*** DATA PROVIDED ***
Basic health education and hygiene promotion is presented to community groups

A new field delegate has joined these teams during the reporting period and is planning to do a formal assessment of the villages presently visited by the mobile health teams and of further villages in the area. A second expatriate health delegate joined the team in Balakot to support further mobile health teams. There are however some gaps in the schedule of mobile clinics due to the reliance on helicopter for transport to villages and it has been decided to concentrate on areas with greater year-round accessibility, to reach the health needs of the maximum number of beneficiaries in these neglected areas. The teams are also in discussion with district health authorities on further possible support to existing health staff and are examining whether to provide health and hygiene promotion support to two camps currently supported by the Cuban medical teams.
*** End of DATA PROVIDED ***
*** DATA PROVIDED ***
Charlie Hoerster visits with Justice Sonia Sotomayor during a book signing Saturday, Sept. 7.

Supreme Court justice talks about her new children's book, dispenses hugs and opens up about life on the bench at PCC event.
*** End of DATA PROVIDED ***
Could you state how many lines of the data include the word "book"? Only the number is needed.

2